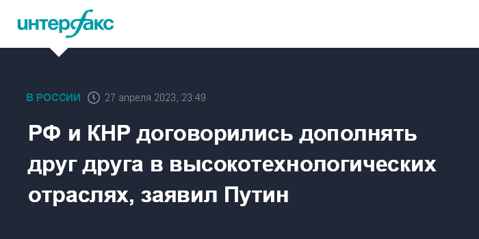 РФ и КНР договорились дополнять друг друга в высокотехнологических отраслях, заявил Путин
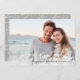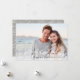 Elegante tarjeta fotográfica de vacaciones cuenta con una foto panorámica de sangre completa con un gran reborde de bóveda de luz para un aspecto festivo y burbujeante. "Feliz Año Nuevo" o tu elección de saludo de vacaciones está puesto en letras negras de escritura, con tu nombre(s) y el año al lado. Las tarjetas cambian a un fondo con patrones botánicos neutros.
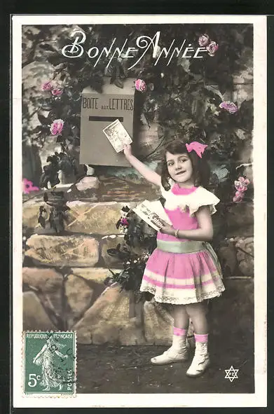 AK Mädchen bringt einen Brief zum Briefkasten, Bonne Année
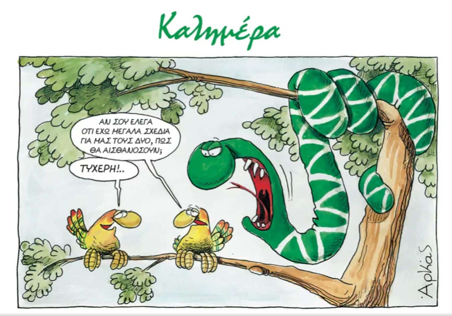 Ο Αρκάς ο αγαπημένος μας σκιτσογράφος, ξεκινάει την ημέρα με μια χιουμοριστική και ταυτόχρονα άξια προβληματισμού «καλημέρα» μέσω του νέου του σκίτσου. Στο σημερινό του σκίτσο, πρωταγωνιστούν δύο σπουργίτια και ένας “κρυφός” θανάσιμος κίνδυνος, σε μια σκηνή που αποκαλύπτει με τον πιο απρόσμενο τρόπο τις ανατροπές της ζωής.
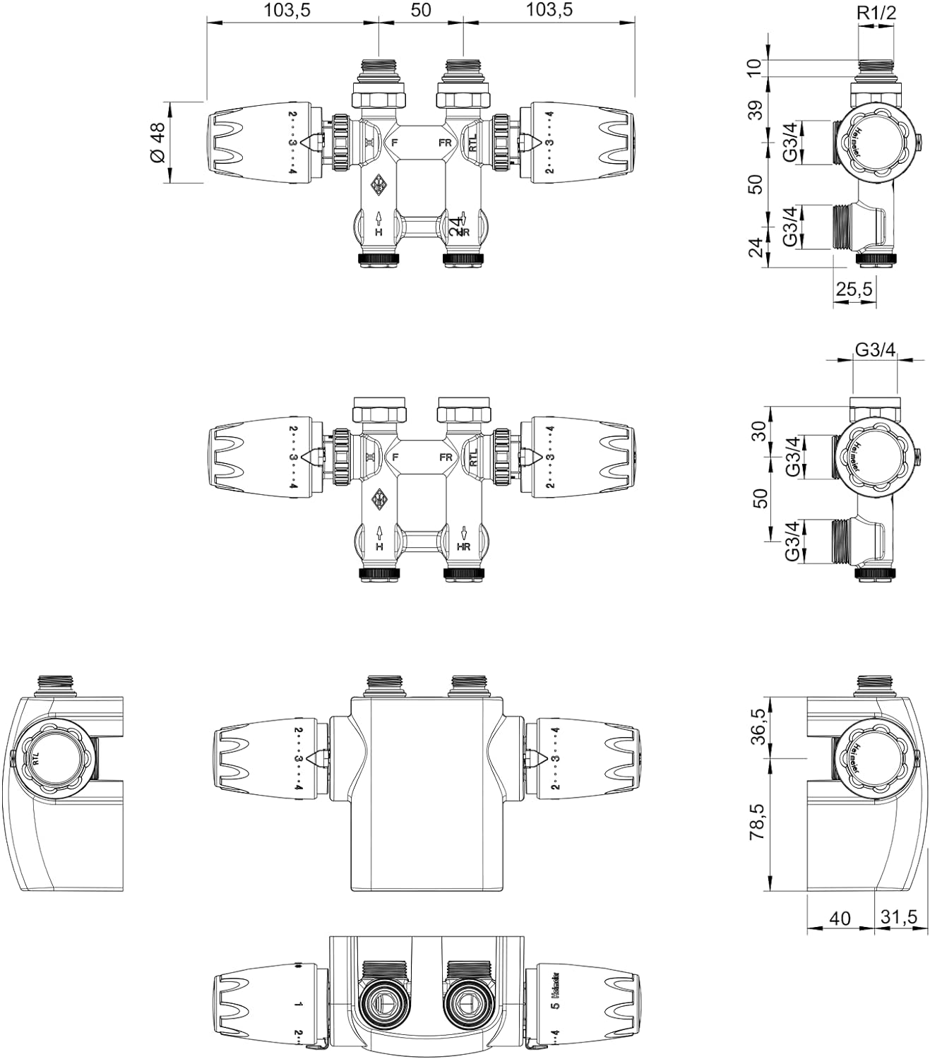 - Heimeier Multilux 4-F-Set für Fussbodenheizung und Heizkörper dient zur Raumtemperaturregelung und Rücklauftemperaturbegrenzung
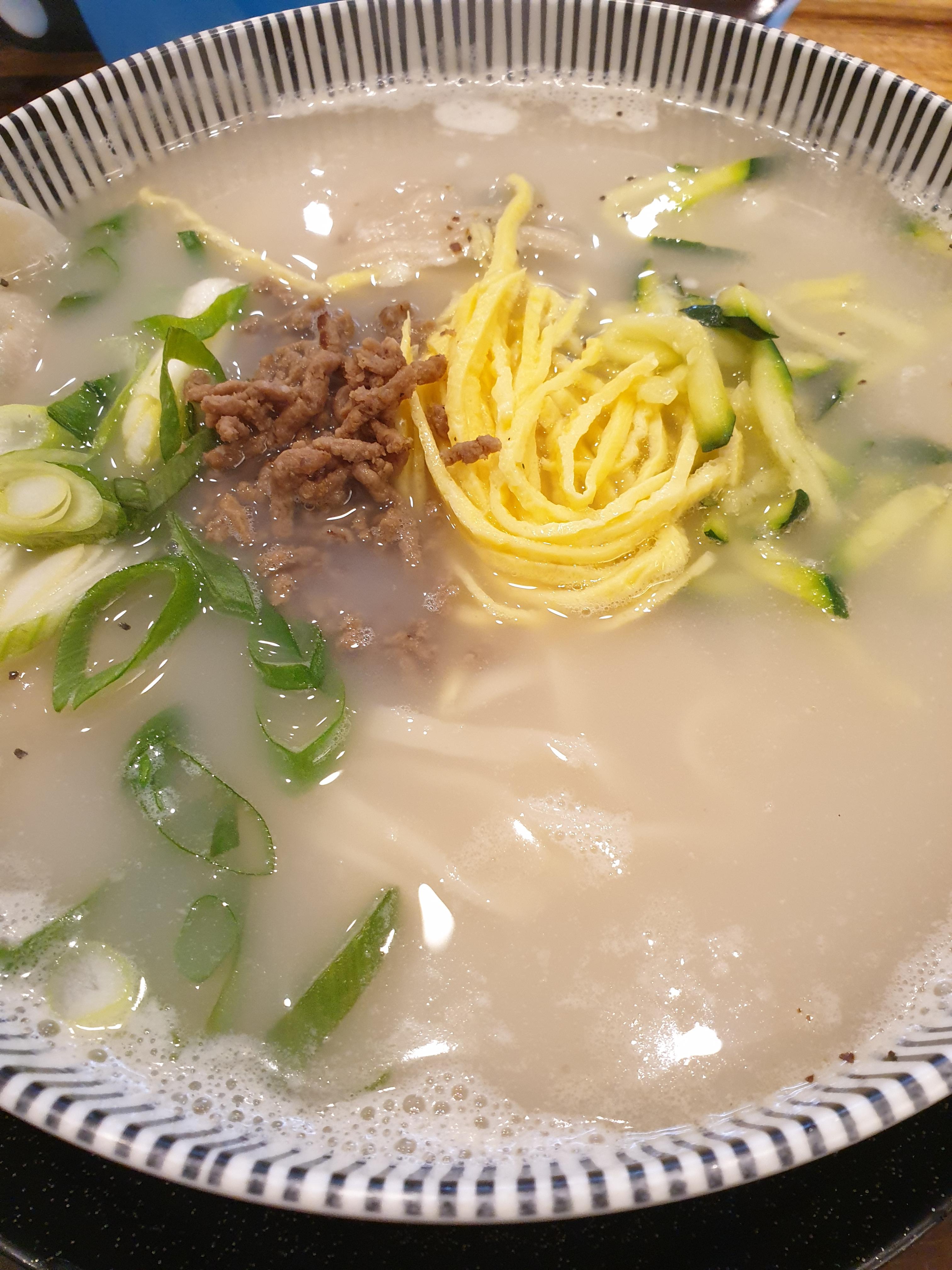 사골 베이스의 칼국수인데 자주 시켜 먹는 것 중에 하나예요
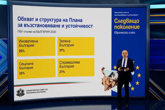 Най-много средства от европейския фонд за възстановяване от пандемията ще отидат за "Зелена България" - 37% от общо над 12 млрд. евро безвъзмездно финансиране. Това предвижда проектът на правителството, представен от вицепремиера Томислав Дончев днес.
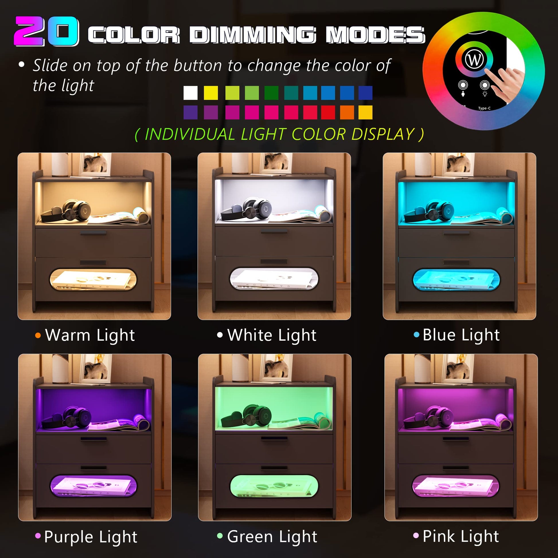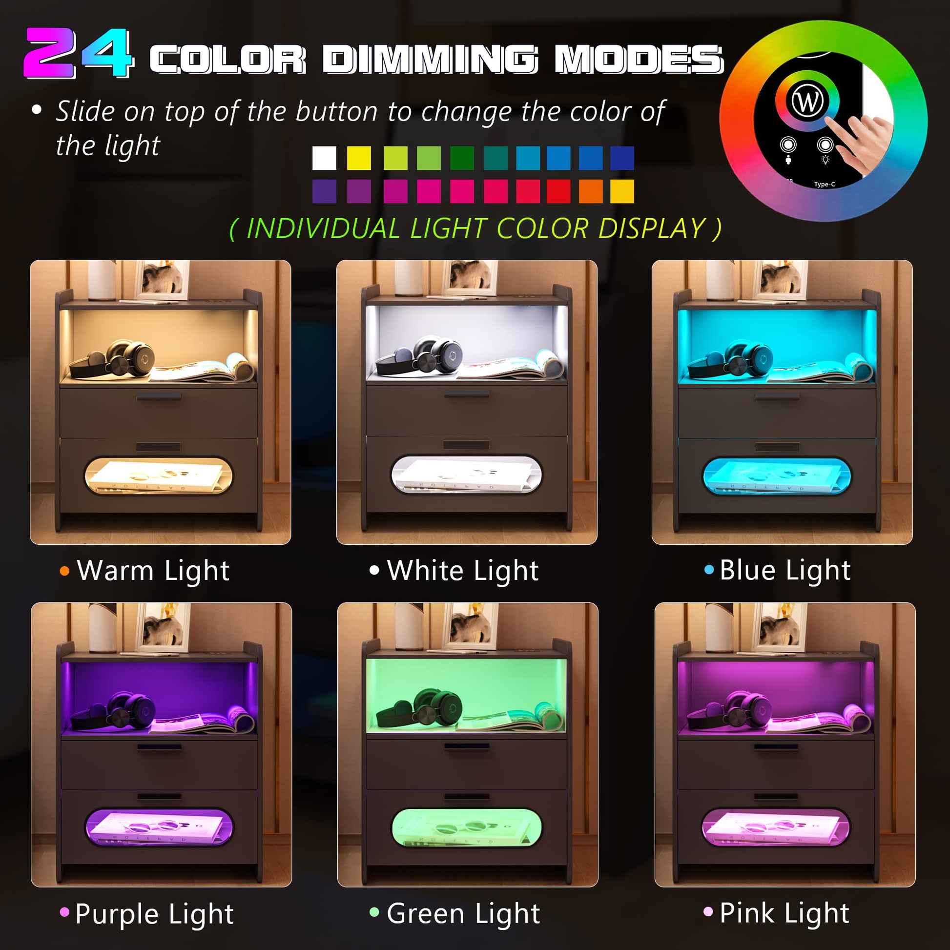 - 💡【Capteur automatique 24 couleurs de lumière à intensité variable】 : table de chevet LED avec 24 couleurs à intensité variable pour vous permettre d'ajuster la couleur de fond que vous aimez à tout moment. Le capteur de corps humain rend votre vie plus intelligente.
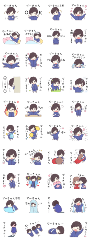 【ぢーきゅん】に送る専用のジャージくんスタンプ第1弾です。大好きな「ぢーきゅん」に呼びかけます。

Prompt: Set down each entry above exactly as it appears. Omit the pictures.

Response box:
 РФ и КНР договорились дополнять друг друга в высокотехнологических отраслях, заявил Путин
 Elegante tarjeta fotográfica de vacaciones cuenta con una foto panorámica de sangre completa con un gran reborde de bóveda de luz para un aspecto festivo y burbujeante. "Feliz Año Nuevo" o tu elección de saludo de vacaciones está puesto en letras negras de escritura, con tu nombre(s) y el año al lado. Las tarjetas cambian a un fondo con patrones botánicos neutros.
 AK Mädchen bringt einen Brief zum Briefkasten, Bonne Année
 Ο Αρκάς ο αγαπημένος μας σκιτσογράφος, ξεκινάει την ημέρα με μια χιουμοριστική και ταυτόχρονα άξια προβληματισμού «καλημέρα» μέσω του νέου του σκίτσου. Στο σημερινό του σκίτσο, πρωταγωνιστούν δύο σπουργίτια και ένας “κρυφός” θανάσιμος κίνδυνος, σε μια σκηνή που αποκαλύπτει με τον πιο απρόσμενο τρόπο τις ανατροπές της ζωής.
 - Heimeier Multilux 4-F-Set für Fussbodenheizung und Heizkörper dient zur Raumtemperaturregelung und Rücklauftemperaturbegrenzung
 사골 베이스의 칼국수인데 자주 시켜 먹는 것 중에 하나예요
 Най-много средства от европейския фонд за възстановяване от пандемията ще отидат за "Зелена България" - 37% от общо над 12 млрд. евро безвъзмездно финансиране. Това предвижда проектът на правителството, представен от вицепремиера Томислав Дончев днес.
 - 💡【Capteur automatique 24 couleurs de lumière à intensité variable】 : table de chevet LED avec 24 couleurs à intensité variable pour vous permettre d'ajuster la couleur de fond que vous aimez à tout moment. Le capteur de corps humain rend votre vie plus intelligente.
 【ぢーきゅん】に送る専用のジャージくんスタンプ第1弾です。大好きな「ぢーきゅん」に呼びかけます。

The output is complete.